"""
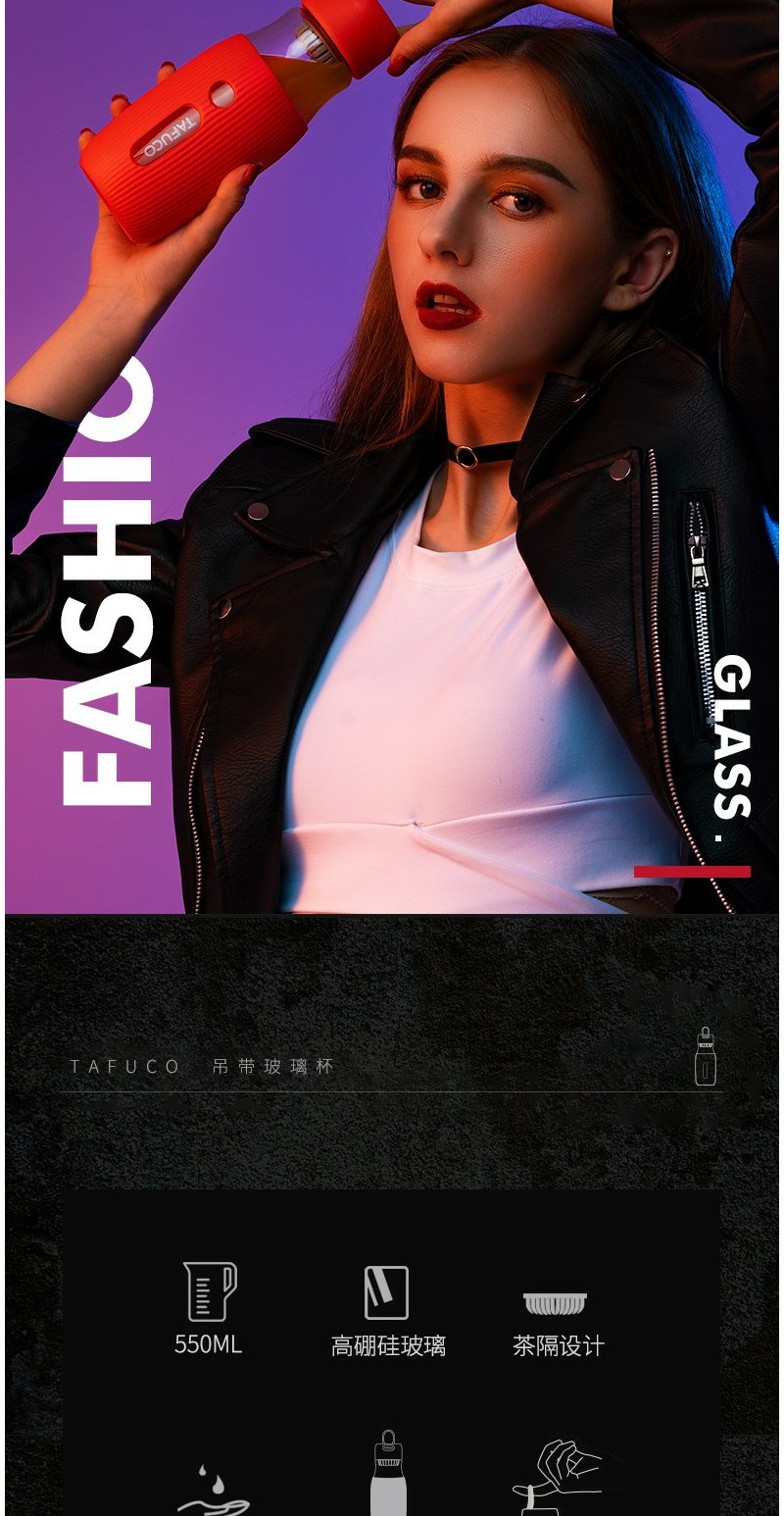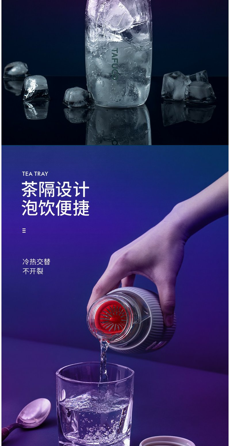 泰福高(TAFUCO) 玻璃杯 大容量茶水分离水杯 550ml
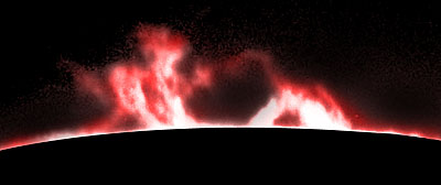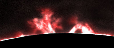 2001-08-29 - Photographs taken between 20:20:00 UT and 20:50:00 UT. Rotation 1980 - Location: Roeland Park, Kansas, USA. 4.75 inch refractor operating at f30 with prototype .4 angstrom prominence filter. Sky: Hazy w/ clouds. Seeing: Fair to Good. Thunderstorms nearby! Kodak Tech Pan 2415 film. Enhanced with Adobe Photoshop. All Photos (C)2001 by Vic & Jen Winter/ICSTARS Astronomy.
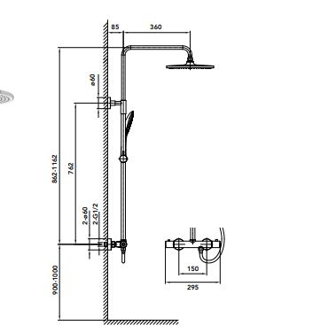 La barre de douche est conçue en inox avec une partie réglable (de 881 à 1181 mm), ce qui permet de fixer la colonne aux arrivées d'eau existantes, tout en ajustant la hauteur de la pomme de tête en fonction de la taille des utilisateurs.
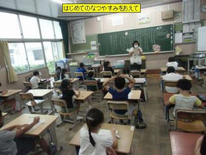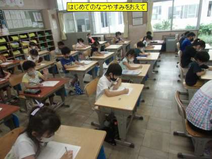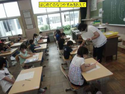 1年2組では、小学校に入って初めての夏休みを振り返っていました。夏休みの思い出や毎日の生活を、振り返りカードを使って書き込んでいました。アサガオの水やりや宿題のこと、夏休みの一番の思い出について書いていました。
"""
"""
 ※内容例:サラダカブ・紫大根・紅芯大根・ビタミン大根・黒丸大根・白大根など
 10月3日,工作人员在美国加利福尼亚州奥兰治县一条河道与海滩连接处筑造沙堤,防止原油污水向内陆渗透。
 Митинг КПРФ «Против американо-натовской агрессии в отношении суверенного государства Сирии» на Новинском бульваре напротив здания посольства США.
"""
"""
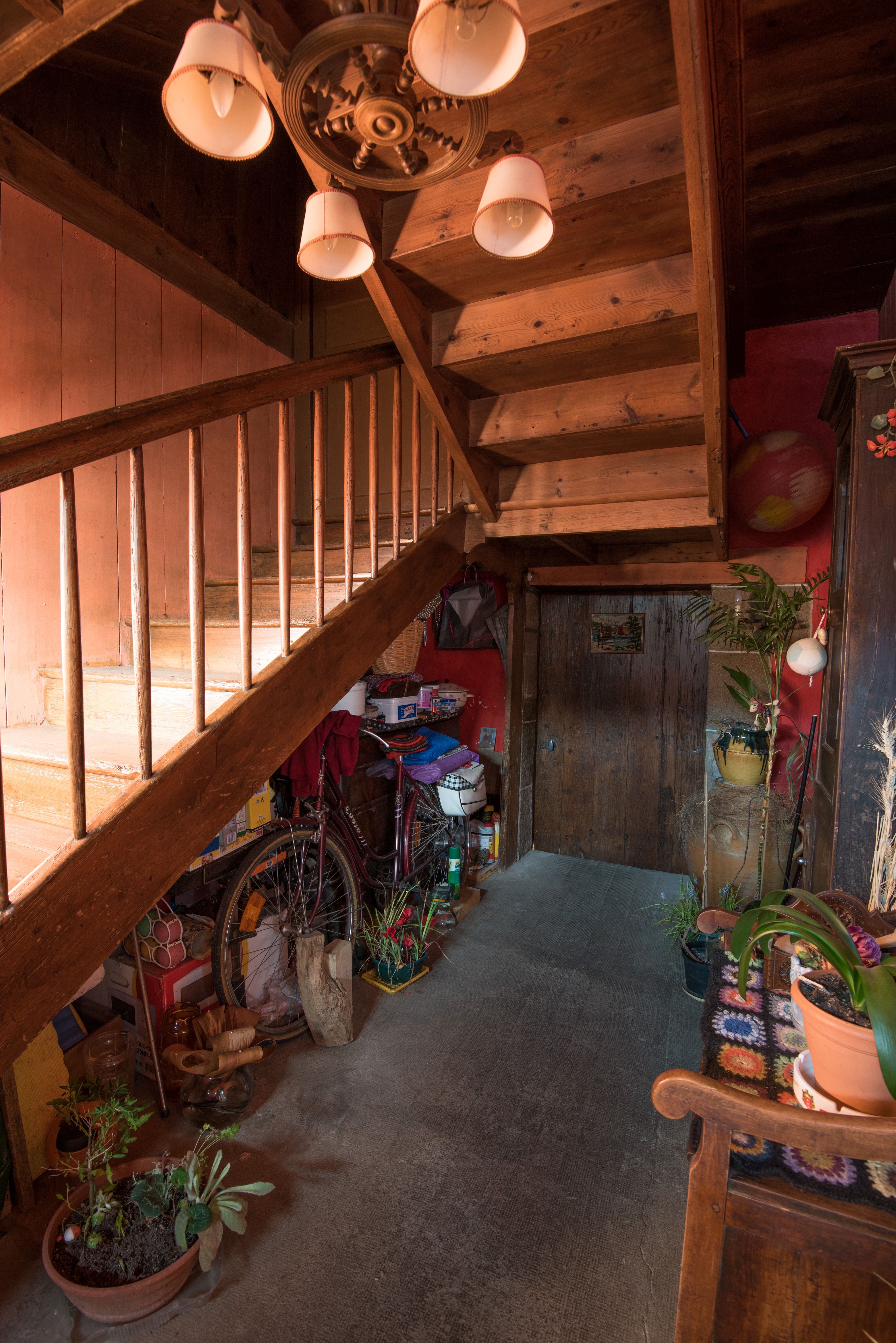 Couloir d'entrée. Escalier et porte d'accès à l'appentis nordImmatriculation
"""
PROBLEM DETAILS: A word-for-word reproduction is needed of the lines above from the line containing "泰福高(TAFUCO) 玻璃杯 大容量茶水分离水杯 550ml" through the line containing "1年2組では、小学校に入って", with both ends kept and no pictures.

PROBLEM SOLUTION:
 泰福高(TAFUCO) 玻璃杯 大容量茶水分离水杯 550ml
 2001-08-29 - Photographs taken between 20:20:00 UT and 20:50:00 UT. Rotation 1980 - Location: Roeland Park, Kansas, USA. 4.75 inch refractor operating at f30 with prototype .4 angstrom prominence filter. Sky: Hazy w/ clouds. Seeing: Fair to Good. Thunderstorms nearby! Kodak Tech Pan 2415 film. Enhanced with Adobe Photoshop. All Photos (C)2001 by Vic & Jen Winter/ICSTARS Astronomy.
 La barre de douche est conçue en inox avec une partie réglable (de 881 à 1181 mm), ce qui permet de fixer la colonne aux arrivées d'eau existantes, tout en ajustant la hauteur de la pomme de tête en fonction de la taille des utilisateurs.
 1年2組では、小学校に入って初めての夏休みを振り返っていました。夏休みの思い出や毎日の生活を、振り返りカードを使って書き込んでいました。アサガオの水やりや宿題のこと、夏休みの一番の思い出について書いていました。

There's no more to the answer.